Pipeline execution complete. Processed 16707192 points in 43.31 seconds.


[1364, 2156, 8580]

In [None]:
# check point spacing
pipeline_json = {
    "pipeline": [
        input_file,
        {
            "type": "filters.stats",
            "dimensions": "X,Y"
        }
    ]
}

p = pdal.Pipeline(json.dumps(pipeline_json))
p.execute()

metadata = p.metadata
stats = metadata["metadata"]["filters.stats"]["statistic"]
las_bounds = metadata["metadata"]["readers.las"]

# Extract count from one dimension (X or Y, both same)
count = stats[0]["count"]

# Extract bounding box from LAS metadata
minx, maxx = las_bounds["minx"], las_bounds["maxx"]
miny, maxy = las_bounds["miny"], las_bounds["maxy"]
area_m2 = (maxx - minx) * (maxy - miny)

# Estimate points per square metre
points_per_m2 = count / area_m2
avg_spacing_m = sqrt(1 / points_per_m2)

print(f"Input file: {input_file}")
print(f"Point count: {count:,}")
print(f"Area: {area_m2:.2f} m²")
print(f"Avg point spacing: {avg_spacing_m:.2f} m")

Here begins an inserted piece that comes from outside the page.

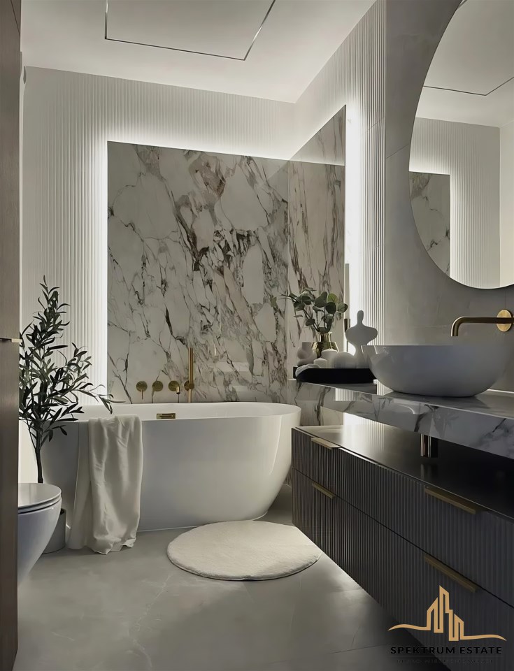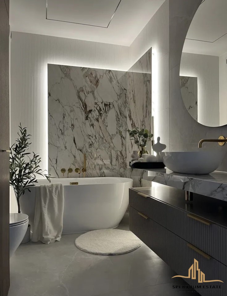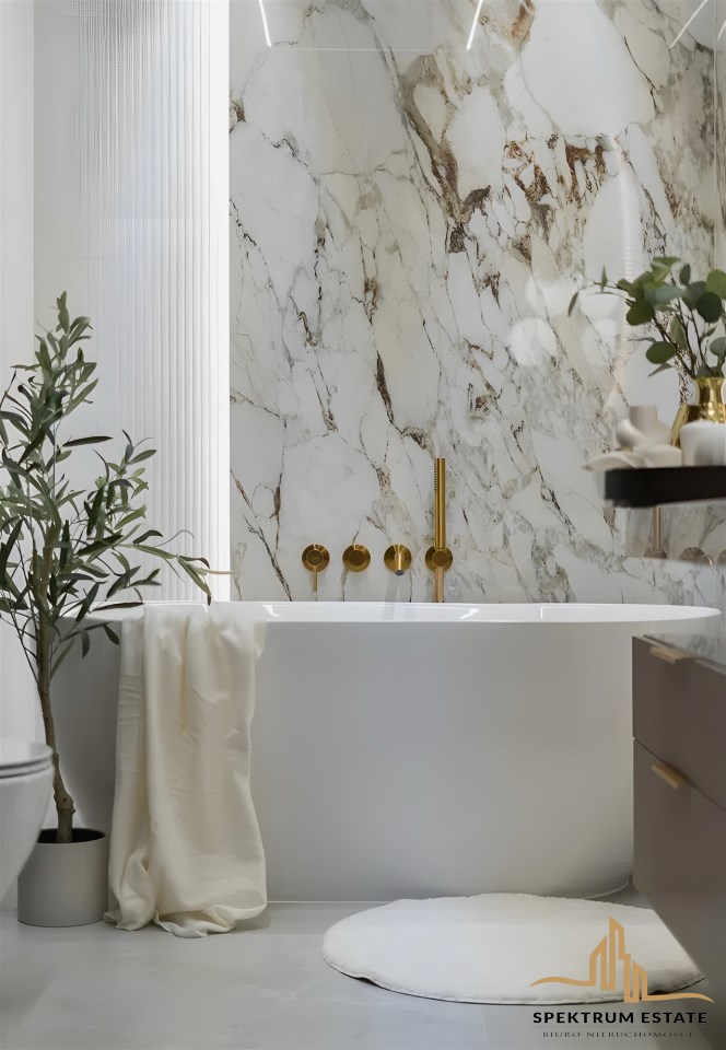 - łazienkę z wanną wolnostojącą oraz z ogrzewaniem podłogowym – 6 m²,

| Avg Point Spacing | Suggested Resolution |
| ----------------- | -------------------- |
| < 0.1 m           | 0.1 m                |
| \~0.2–0.5 m       | 0.25–0.5 m           |
| \~1.0 m           | 1.0 m                |
| \~2.0 m           | 2.0 m                |


In [2]:
# generate dsm and dtm rasters
resolution = 0.2


pipeline = {
    "pipeline": []
}

pipeline["pipeline"].append({ "type":"readers.las",  "filename":input_file })

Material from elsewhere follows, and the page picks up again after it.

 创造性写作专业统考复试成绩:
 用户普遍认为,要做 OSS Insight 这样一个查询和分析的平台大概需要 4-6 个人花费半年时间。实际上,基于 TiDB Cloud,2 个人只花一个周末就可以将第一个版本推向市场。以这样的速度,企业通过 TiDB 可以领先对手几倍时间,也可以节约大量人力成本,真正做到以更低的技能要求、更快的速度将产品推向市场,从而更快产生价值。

# write the dsm raster by taking the maximum value in each pixel
pipeline['pipeline'].append({ "type":"writers.gdal",
      "filename":os.path.join(os.path.dirname(input_file), f"dsm_{resolution}.tif"),
      "resolution":resolution,
      "output_type":"max" }
    )
# keep only ground returns (Class 2)
pipeline['pipeline'].append({                                   
      "type": "filters.range",
      "limits": "Classification[2:2]"
    }
    )
# write the dtm raster by taking the min value in each pixel from the filtered data
pipeline['pipeline'].append({ "type":"writers.gdal",
      "filename":os.path.join(os.path.dirname(input_file), f"dtm_{resolution}.tif"),
      "resolution":resolution,
      "output_type":"min" }
    )

pipeline['num_threads'] = 8


print(json.dumps(pipeline, indent=2))
run_pipe_with_time(pdal.Pipeline(json.dumps(pipeline)), streaming=True)

{
  "pipeline": [
    {
      "type": "readers.las",
      "filename": "output\\processed\\2024-10-04\\lidar_combined.laz"
    },
    {
      "type": "writers.gdal",
      "filename": "output\\processed\\2024-10-04\\dsm_0.2.tif",
      "resolution": 0.2,
      "output_type": "max"
    },
    {
      "type": "filters.range",
      "limits": "Classification[2:2]"
    },
    {
      "type": "writers.gdal",
      "filename": "output\\processed\\2024-10-04\\dtm_0.2.tif",
      "resolution": 0.2,
      "output_type": "min"
    }
  ],
  "num_threads": 8
}
Starting PDAL pipeline execution in streaming mode...
Pipeline execution complete. Processed 226308134 points in 16702.46 seconds.


In [3]:
# fill the nodata values in the dtm raster
# Use gdal_fillnodata.bat output/dtm_small_fill_20_0_0.2.tif output/dtm_small_fill_20_0_0.2.tif -md 20 -b 1 -of GTiff
dtm = os.path.join(os.path.dirname(input_file), f"dtm_{resolution}.tif")
outfile = os.path.join(os.path.dirname(input_file), f"dtm_filled_{resolution}.tif")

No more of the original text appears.